Exercise objective = Leaving the pictures aside, transcribe every line below exactly.

Supplied entries =
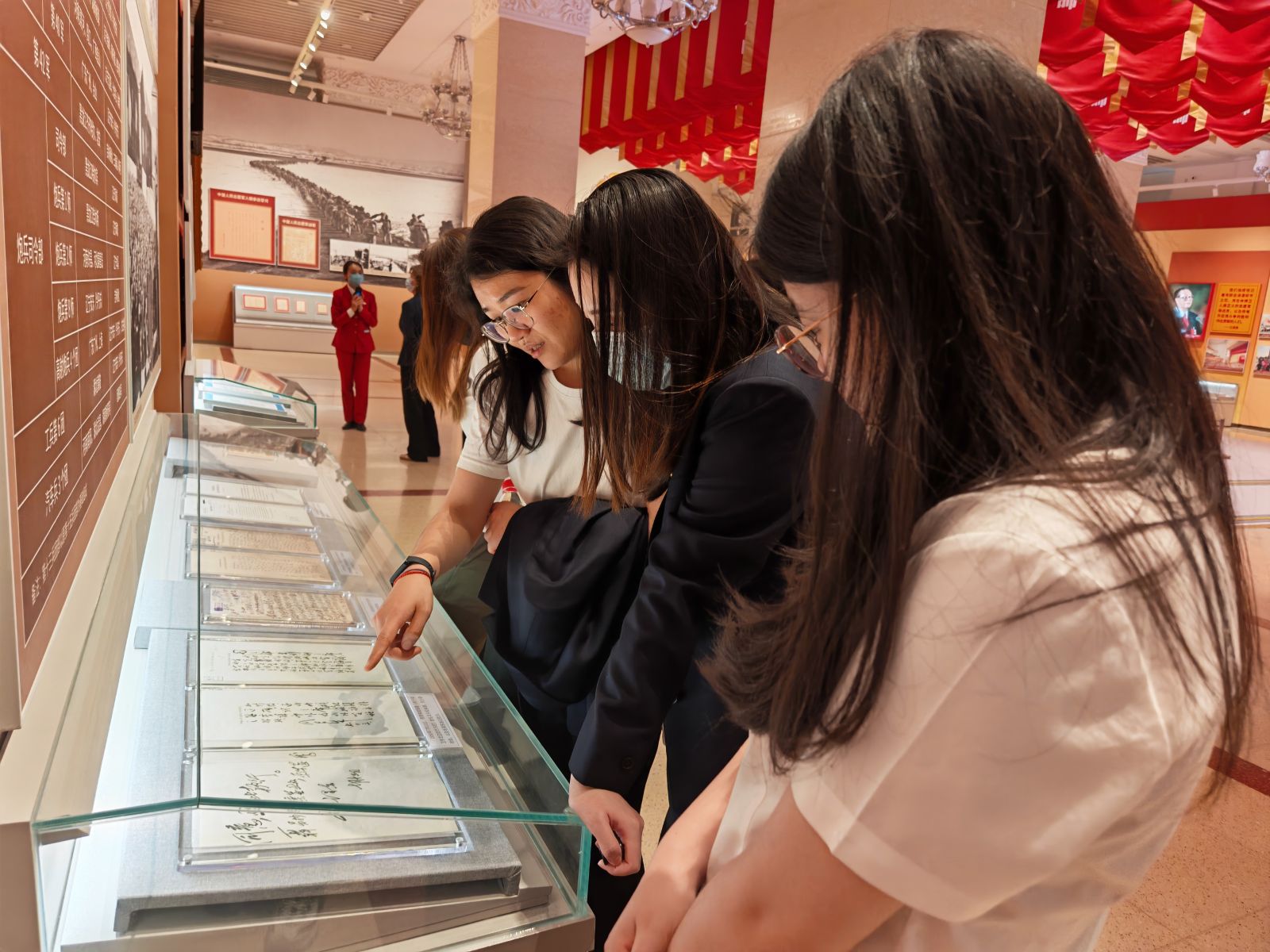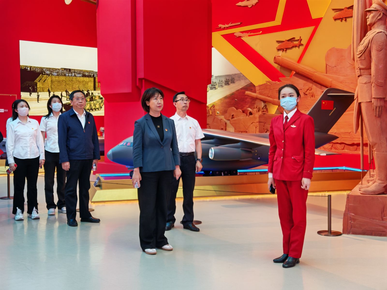 在讲解员引导下,参观人员怀着崇敬的心情先后参观了抗美援朝馆和新时代国防建设成就展,系统学习党领导人民军队从抗美援朝时期的艰苦斗争到新时代强军征程的伟大成就。战场上使用过的枪炮、志愿军战士的遗物等珍贵展品,生动地展现了志愿军战士们在面对强大敌人时毫不畏惧、英勇奋战的英雄气概。一系列现代化的武器装备模型、反映国防建设成果的图片以及视频资料,全面展示了我国在新时代国防和军队建设方面取得的辉煌成就,生动彰显了人民军队听党指挥、能打胜仗、作风优良的精神特质。
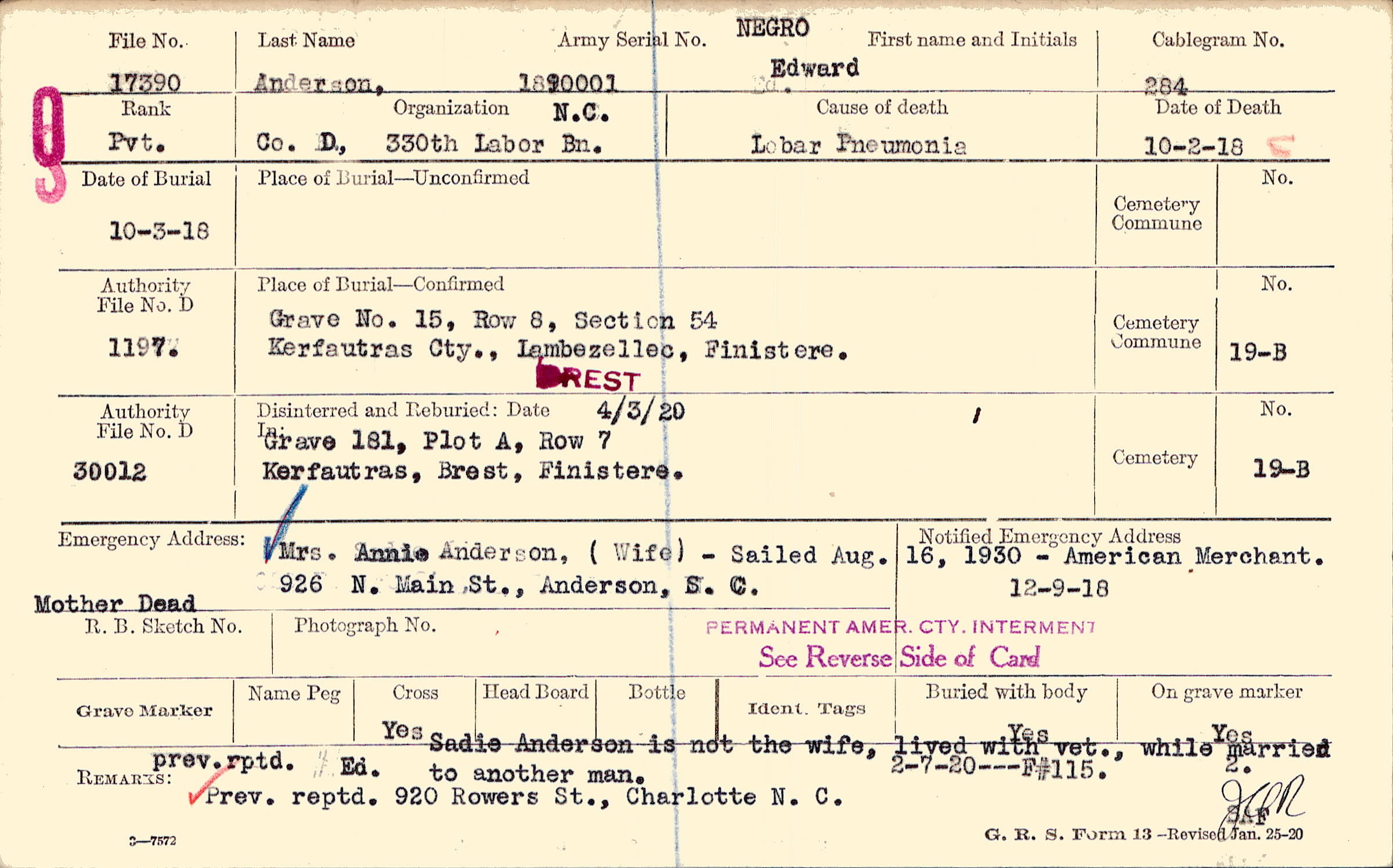 prev. reptd. Ed. Prev. reptd. 920 Rowers St., Charlotte N.C. Sadie Anderson is not the wife, lived with vet., while married to another man., 2-7-20 - F#115.
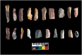 | Description / विवरण | The total number of specimens are n 20 of chert. They bladets with marginal retouch and backet bladets. The blades have a flat dorsal surface, and double ridges going parallel to its length. Some of the microliths have steep retouch at their tip. the specimens show low proportions. |
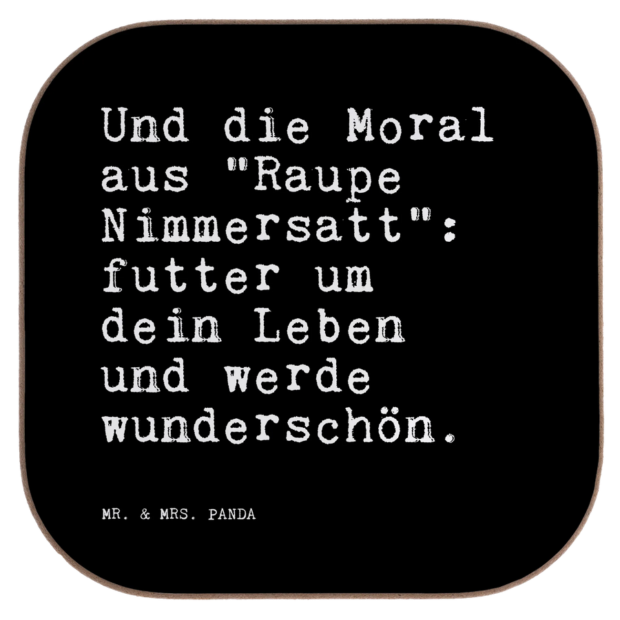 Quadratische Untersetzer Sprüche und Zitate Und die Moral aus "Raupe Nimmersatt": futter um dein Leben und werde wunderschön. - Schwarz
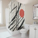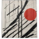 Un círculo rojo con líneas negras de espesor variable, sobre un fondo beige, crea una hermosa y abstracta representación del sol naciente. Arte sencillo, elegante y minimalista.
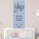 Letreiro simples de festa de noivado com letra 'Ela disse Sim!' em caligrafia. Diferentes opções de cor de fundo disponíveis: Bege, Verde menta, Rosa po, Azul po. Nomes e data do evento são editáveis.
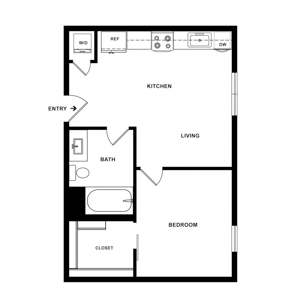 1 Bed, 1 Bath, 585 sq ftModel Gallery
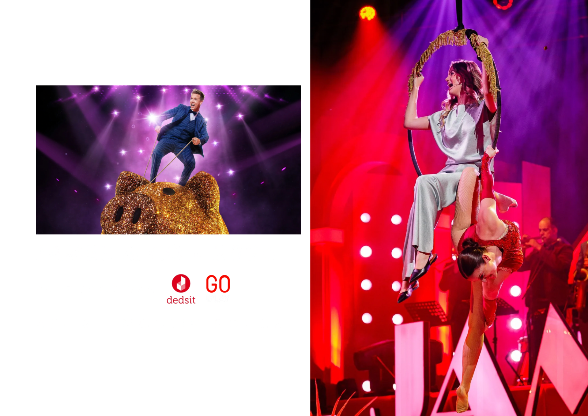 Hieronder vindt u enkele van onze indrukwekkendste referenties – al is dit slechts een greep uit onze ervaringen. We stonden op het podium bij James & Co, schitterden in de glamoureuze Winterrevue van Backstage Producties, en brachten onze luchtacrobatie act naar duizenden toeschouwers in de Lotto Arena, samen met Christoff.
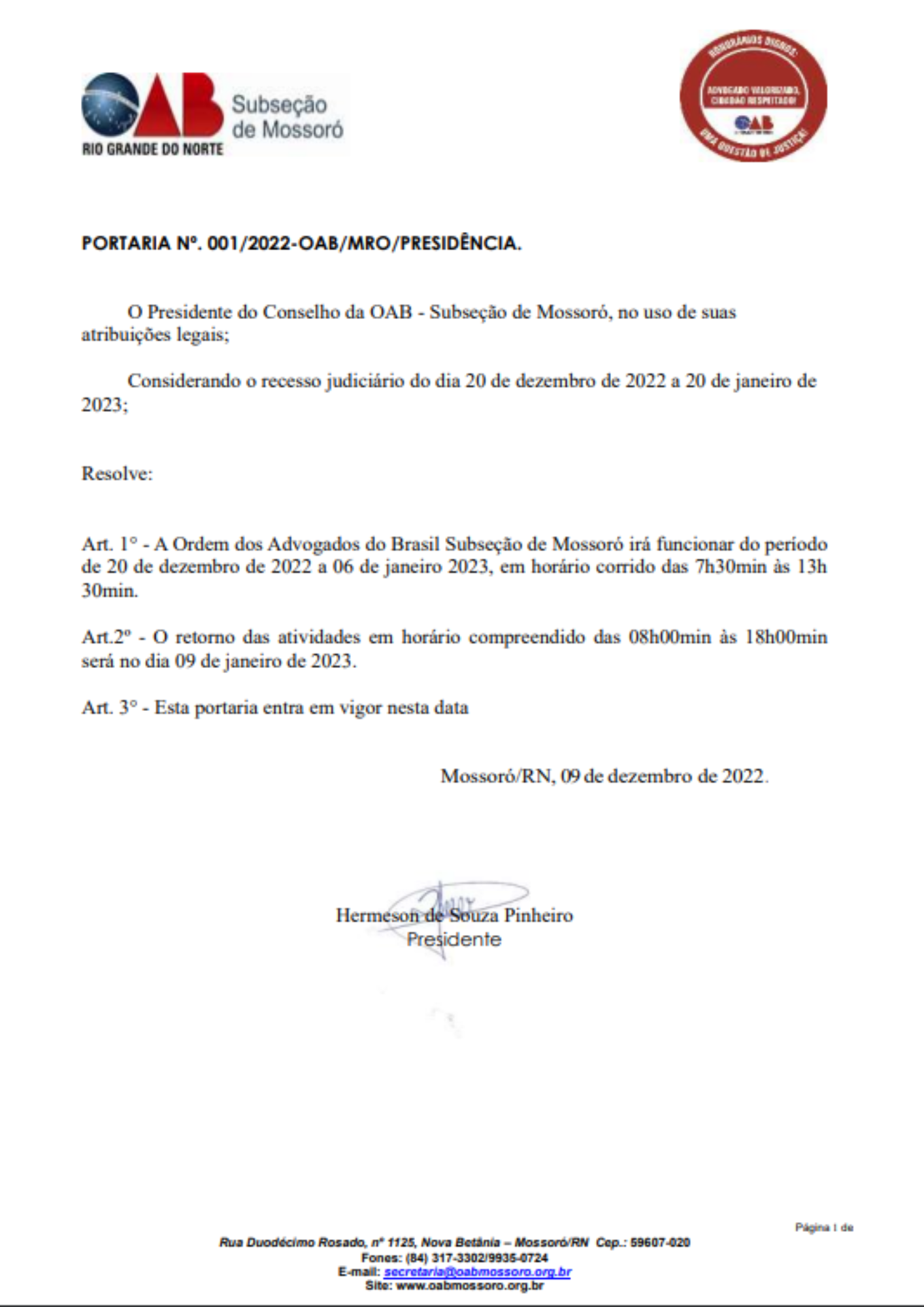 Expediente na OAB Mossoró de 20/12/22 a 06/01/23
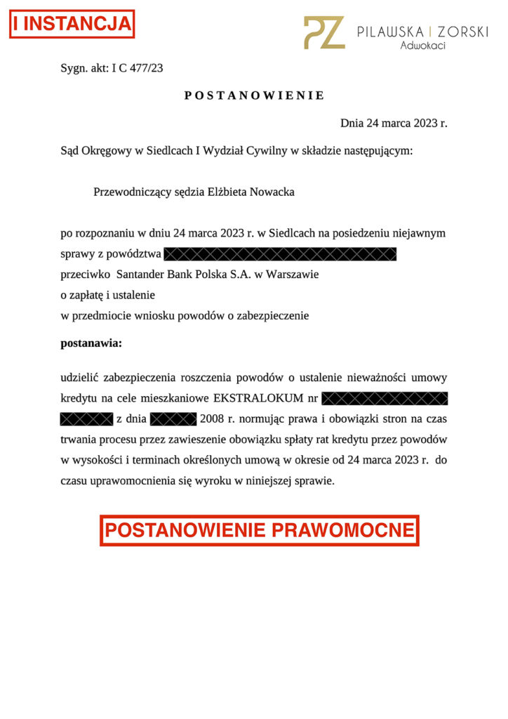 Jakiś czas temu informowaliśmy, że w sprawie naszych Klientów przeciwko Santander Bank Polska S.A. z siedzibą w Warszawie dot. Umowy kredytu indeksowanego kursem CHF Sąd Okręgowy w Siedlcach, I Wydział Cywilny, SSO Elżbieta Nowacka, sygn. akt I C 477/23, w dniu 24 marca 2023 roku wydał postanowienie o zabezpieczeniu zwalniające Powodów z obowiązku płacenia rat do czasu uprawomocnienia wyroku. Takich postanowień w prowadzonych sprawach uzyskujemy wiele, ale to zasługiwało na szczególną uwagę, bo zostało wydane w 3 DNI OD ZŁOŻENIA POZWU DO SĄDU (pozew wpłynął do Sądu 21 marca 2023 roku, postanowienie wydano już 24 marca 2023 roku).
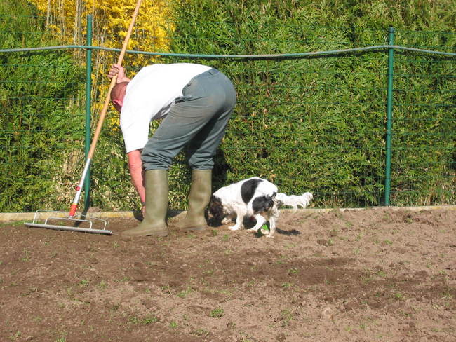 Mee helpen met baasje de tuin om te spitten van Erica

Result of the task =
 在讲解员引导下,参观人员怀着崇敬的心情先后参观了抗美援朝馆和新时代国防建设成就展,系统学习党领导人民军队从抗美援朝时期的艰苦斗争到新时代强军征程的伟大成就。战场上使用过的枪炮、志愿军战士的遗物等珍贵展品,生动地展现了志愿军战士们在面对强大敌人时毫不畏惧、英勇奋战的英雄气概。一系列现代化的武器装备模型、反映国防建设成果的图片以及视频资料,全面展示了我国在新时代国防和军队建设方面取得的辉煌成就,生动彰显了人民军队听党指挥、能打胜仗、作风优良的精神特质。
 prev. reptd. Ed. Prev. reptd. 920 Rowers St., Charlotte N.C. Sadie Anderson is not the wife, lived with vet., while married to another man., 2-7-20 - F#115.
 | Description / विवरण | The total number of specimens are n 20 of chert. They bladets with marginal retouch and backet bladets. The blades have a flat dorsal surface, and double ridges going parallel to its length. Some of the microliths have steep retouch at their tip. the specimens show low proportions. |
 Quadratische Untersetzer Sprüche und Zitate Und die Moral aus "Raupe Nimmersatt": futter um dein Leben und werde wunderschön. - Schwarz
 Un círculo rojo con líneas negras de espesor variable, sobre un fondo beige, crea una hermosa y abstracta representación del sol naciente. Arte sencillo, elegante y minimalista.
 Letreiro simples de festa de noivado com letra 'Ela disse Sim!' em caligrafia. Diferentes opções de cor de fundo disponíveis: Bege, Verde menta, Rosa po, Azul po. Nomes e data do evento são editáveis.
 1 Bed, 1 Bath, 585 sq ftModel Gallery
 Hieronder vindt u enkele van onze indrukwekkendste referenties – al is dit slechts een greep uit onze ervaringen. We stonden op het podium bij James & Co, schitterden in de glamoureuze Winterrevue van Backstage Producties, en brachten onze luchtacrobatie act naar duizenden toeschouwers in de Lotto Arena, samen met Christoff.
 Expediente na OAB Mossoró de 20/12/22 a 06/01/23
 Jakiś czas temu informowaliśmy, że w sprawie naszych Klientów przeciwko Santander Bank Polska S.A. z siedzibą w Warszawie dot. Umowy kredytu indeksowanego kursem CHF Sąd Okręgowy w Siedlcach, I Wydział Cywilny, SSO Elżbieta Nowacka, sygn. akt I C 477/23, w dniu 24 marca 2023 roku wydał postanowienie o zabezpieczeniu zwalniające Powodów z obowiązku płacenia rat do czasu uprawomocnienia wyroku. Takich postanowień w prowadzonych sprawach uzyskujemy wiele, ale to zasługiwało na szczególną uwagę, bo zostało wydane w 3 DNI OD ZŁOŻENIA POZWU DO SĄDU (pozew wpłynął do Sądu 21 marca 2023 roku, postanowienie wydano już 24 marca 2023 roku).
 Mee helpen met baasje de tuin om te spitten van Erica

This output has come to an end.